» **Exercise objective**
Nothing but the lines from the start of the entries through the line holding "Luźne spodenki wykonane" is to be repeated, exactly and with pictures excluded.

» **Extracted entries**
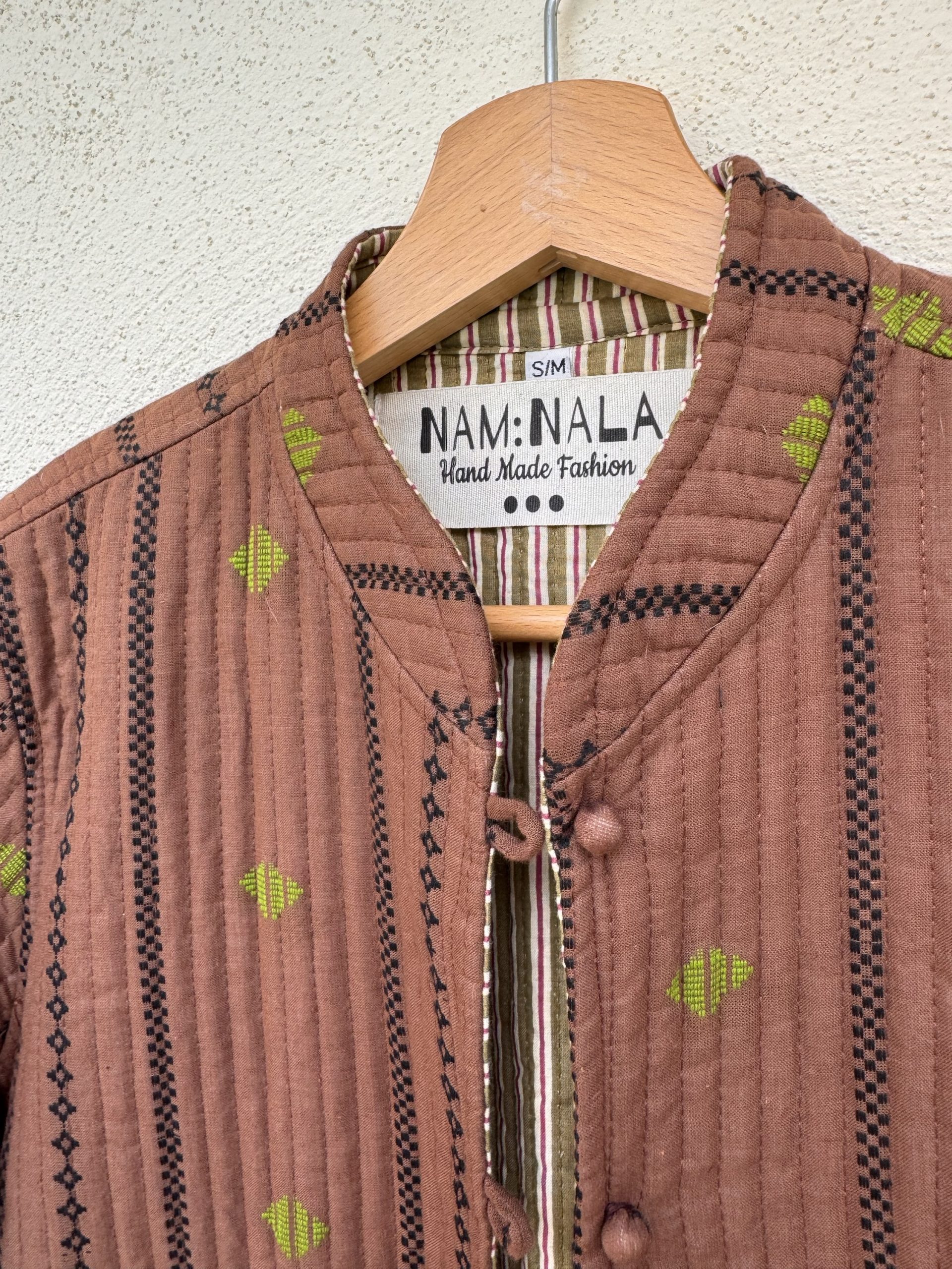 Quilted jacket made from hand loom fabric in cotton with front pockets. Handcrafted design in dark tones with geometric details, perfect for the autumn season. Lightweight and versatile, it can be styled with a belt or worn loose.
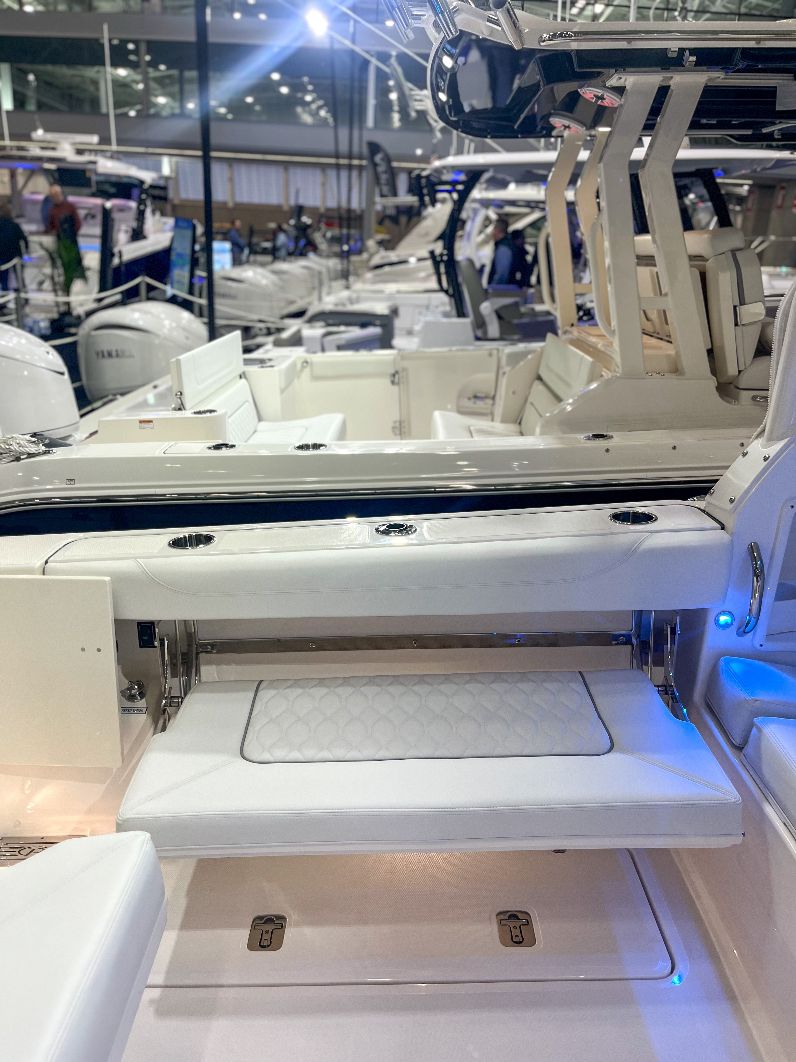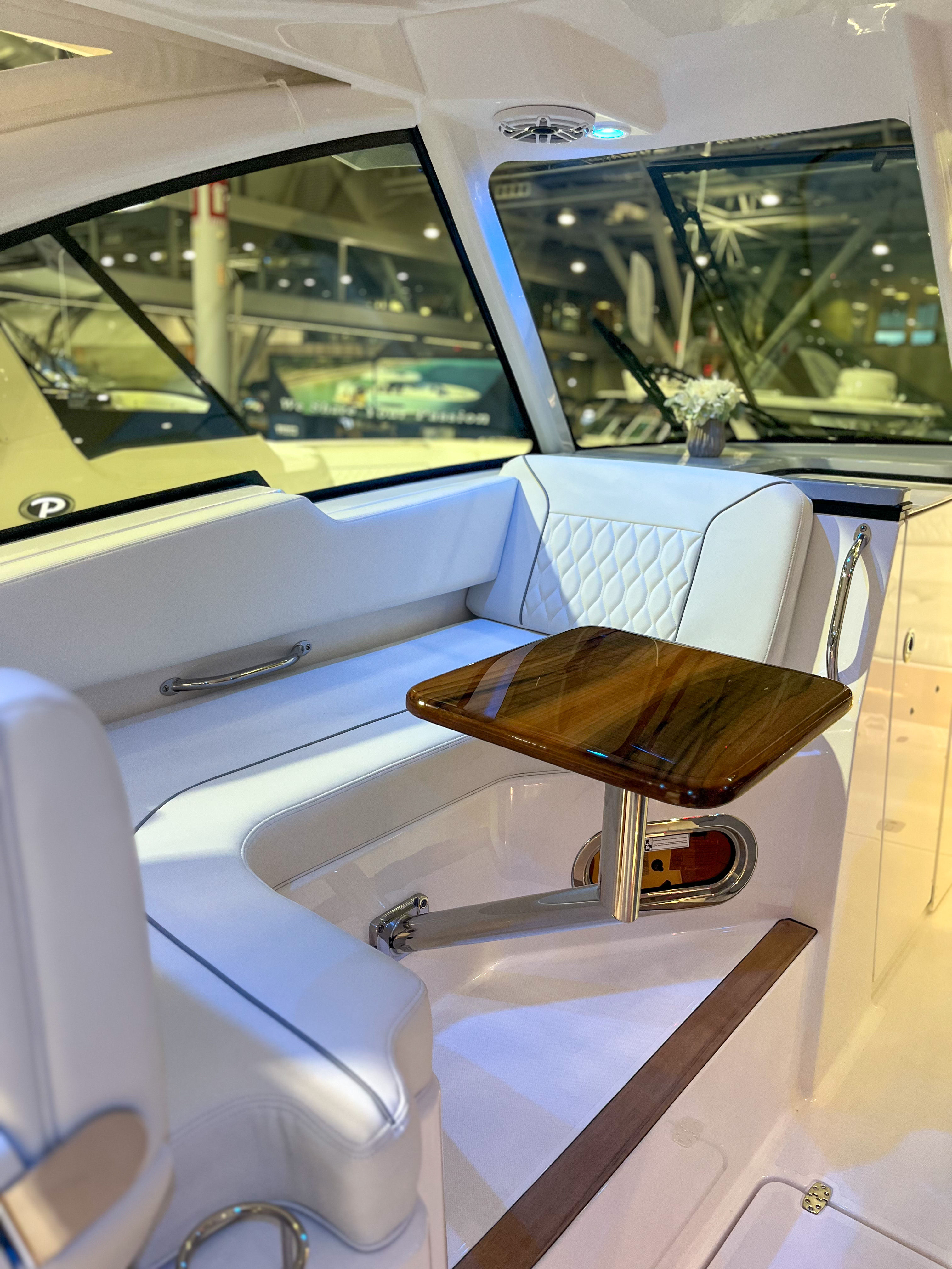 The Pursuit DC 326 is as practical as it is luxurious. The Yamaha Joystick Control with Set Point and Autopilot functions simplifies docking and maneuvering, reducing stress and making it easy to handle the boat solo or with a small crew. The manual engine flushing system streamlines maintenance, helping you protect your investment and maximize time on the water.Storage solutions are thoughtfully integrated throughout the boat, including the bridge deck teak table with dedicated storage, ensuring your gear and essentials are always within reach but never in the way. The hardtop-mounted rod holders keep fishing equipment organized and accessible, while the stowable sunshade offers flexible protection from the elements.
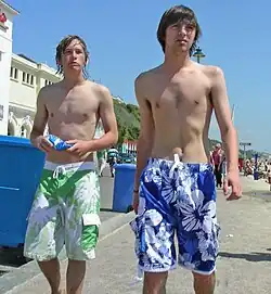 Luźne spodenki wykonane z nieprzylegających materiałów, z dłuższymi nogawkami, sięgającymi nawet kolan[28] |
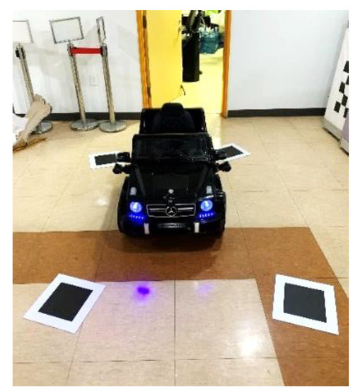 The orientation and location of the camera can change depending on the type and size of a vehicle. Because the proposed method should be able to generate an AVM image regardless of vehicle type, we experimented using an electric vehicle for children to verify this aspect, as shown in Figure 14. The installation height of each camera is approximately 40 and each camera is tilted approximately 30. The overall length of the miniature vehicle is 126 , the overall width is 73 , and the overall height is 64.5 . The dimensions of calibration boards are 20 20 and we set the calibration board dimensions in the AVM image to 100 100 .
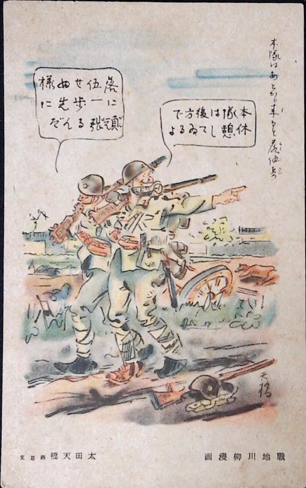 戦地川柳漫画 太田天橋 絵葉書 本隊はあとから 絵葉書

» **Task output**
 Quilted jacket made from hand loom fabric in cotton with front pockets. Handcrafted design in dark tones with geometric details, perfect for the autumn season. Lightweight and versatile, it can be styled with a belt or worn loose.
 The Pursuit DC 326 is as practical as it is luxurious. The Yamaha Joystick Control with Set Point and Autopilot functions simplifies docking and maneuvering, reducing stress and making it easy to handle the boat solo or with a small crew. The manual engine flushing system streamlines maintenance, helping you protect your investment and maximize time on the water.Storage solutions are thoughtfully integrated throughout the boat, including the bridge deck teak table with dedicated storage, ensuring your gear and essentials are always within reach but never in the way. The hardtop-mounted rod holders keep fishing equipment organized and accessible, while the stowable sunshade offers flexible protection from the elements.
 Luźne spodenki wykonane z nieprzylegających materiałów, z dłuższymi nogawkami, sięgającymi nawet kolan[28] |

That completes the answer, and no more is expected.